While the Indiana Republican insisted that victims’ names should obviously be redacted, Pence added, in reference to the late alleged sex trafficker, “I think that anyone who participated or was associated with this despicable man ought to be held up to public scrutiny. … I just think that we ought to get the facts to the American people.”
And while it’s probably fair to say that the former vice president’s influence in the White House is minimal, his comments stood out, in part because Pence was saying what Trump didn’t want to hear, and in part because this wasn’t an isolated incident.

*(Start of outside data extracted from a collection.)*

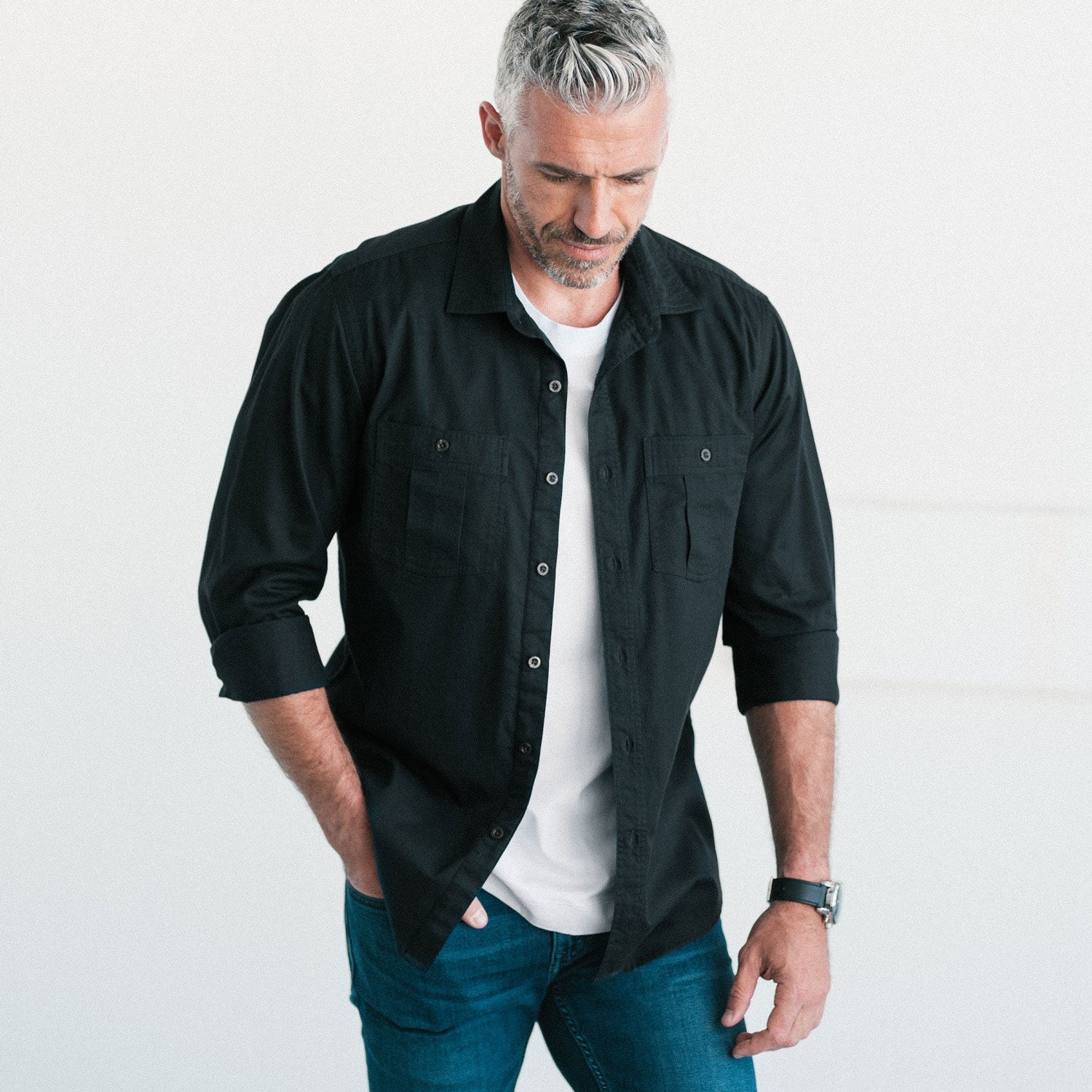 This Craftsman Utility Shirt is equipped with reinforced seams and utility pockets, delivering a masculine, laid-back aesthetic. Its spread collar and tailored cut exude a timeless style, perfect for pairing with medium blue jeans and sneakers for a classic ensemble.
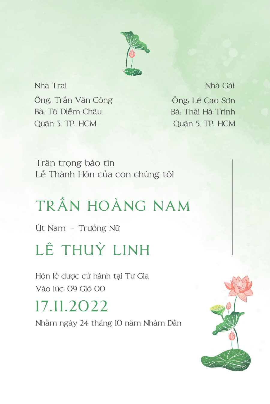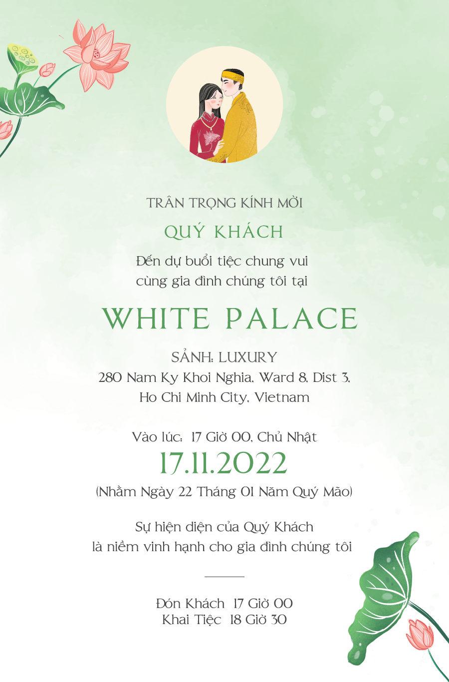 Để thuận tiện cho việc sắp xếp, đưa đón khách đi tiệc cưới, bạn vui lòng cung cấp số điện thoại giúp vợ chồng mình nhé!
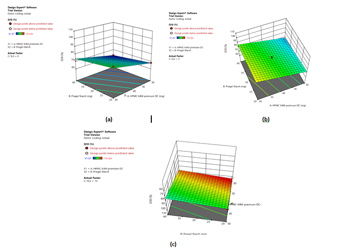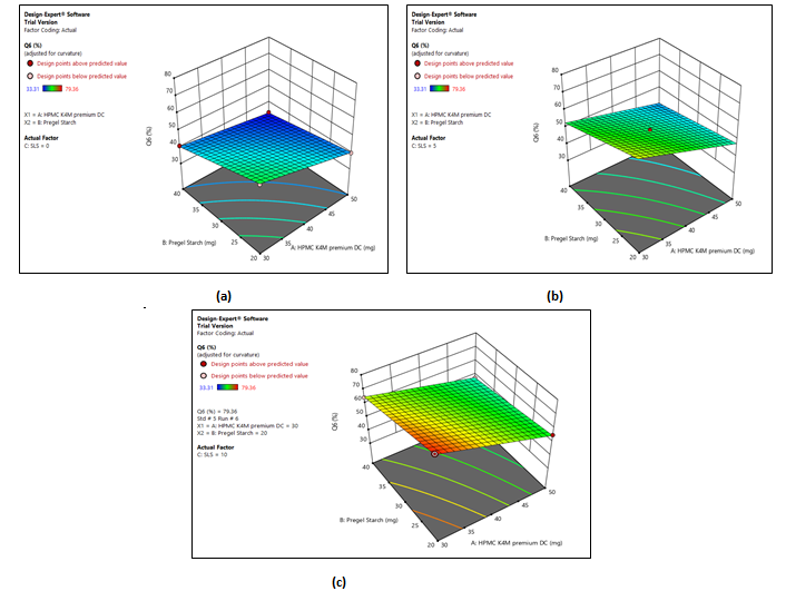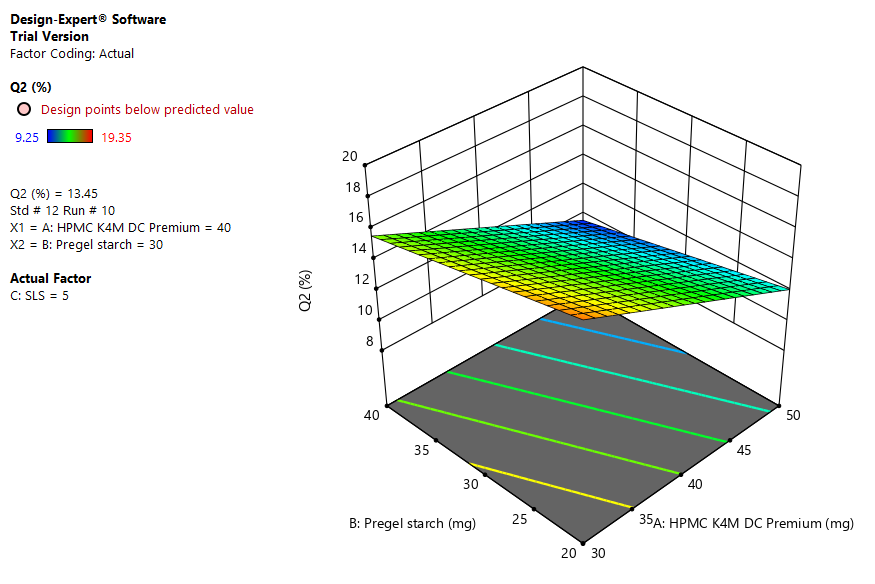 To describe the entire dissolution profile, three-time points were considered in the design expert software. Fig. 5 shows the response surface plot for drug release at 2 h (Q2). As depicted, as the concentration of HPMC increases from 30 mg to 50 mg per tablet, the percent drug released is controlled. The same phenomenon is observed with pregelatinized starch as well, but to a lesser extent than HPMC. SLS does not have a significant effect at 2 h.
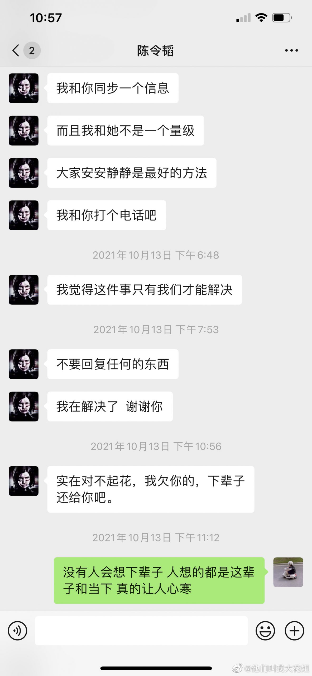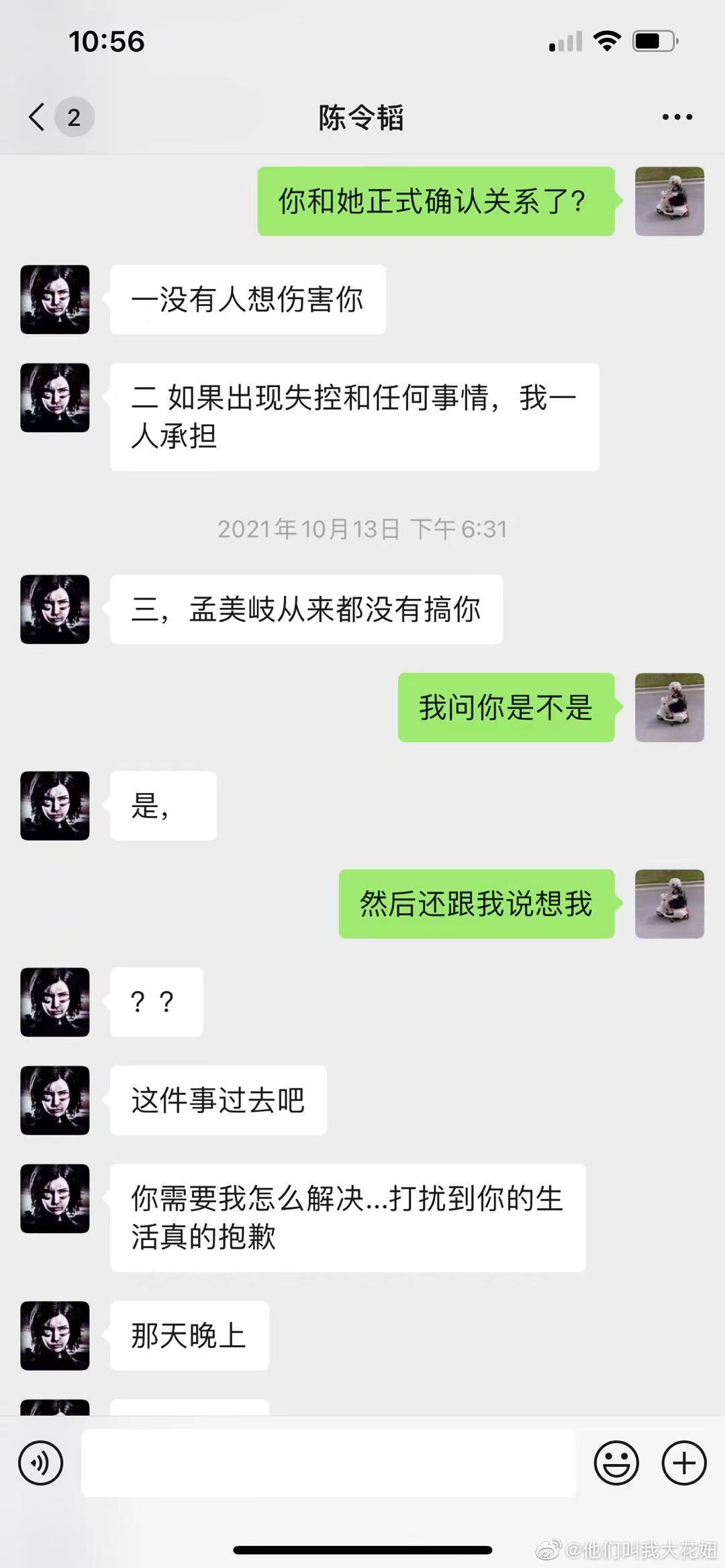 25日凌晨,音樂製作人陳令韜前女友(微博:他們叫我大花妞)發長文爆料陳令韜出軌孟美岐!在她公開的聊天截圖中,陳令韜說“我明確過我有愛的人,她也問過我”,女方質問他們是不是正式確認了關係,陳令韜回答“是”。
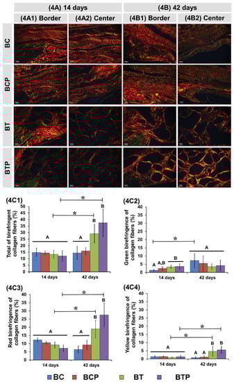 - Nogueira, D.M.B.; de Faria Figadoli, A.L.; Alcantara, P.L.; Pomini, K.T.; German, I.J.S.; Reis, C.H.B.; Júnior, G.M.R.; de Oliveira Rosso, M.P.; da Silva Santos, P.S.; Zangrando, M.S.R.; et al. Biological Behavior of Xenogenic Scaffolds in Alcohol-Induced Rats: Histomorphometric and Picrosirius Red Staining Analysis. Polymers 2022, 14, 584. [Google Scholar] [CrossRef]

In May, for example, the former vice president criticized Trump’s trade tariffs during an appearance on NBC’s “Meet the Press.”
In the same interview, Pence took issue with Trump’s criticisms of U.S. foreign policy during the president’s recent trip to Saudi Arabia. “I’ve never been a fan of American presidents criticizing America on foreign soil,” Pence said. “And to have the president in Saudi Arabia questioning America’s global war on terror, and describing it as nation-building and interventionist, I thought was a disservice to generations of Americans who wore the uniform and who took the fight to our enemy, you know, in Afghanistan and in Iraq.”
“And particularly giving that speech in Saudi Arabia, where 15 of the 19 9/11 hijackers hailed from, not including Osama bin Laden, I thought was unfortunate,” he continued.
Two months earlier, after Treasury Secretary Scott Bessent publicly chided Americans’ interest in affordable consumer goods, Pence criticized him, too.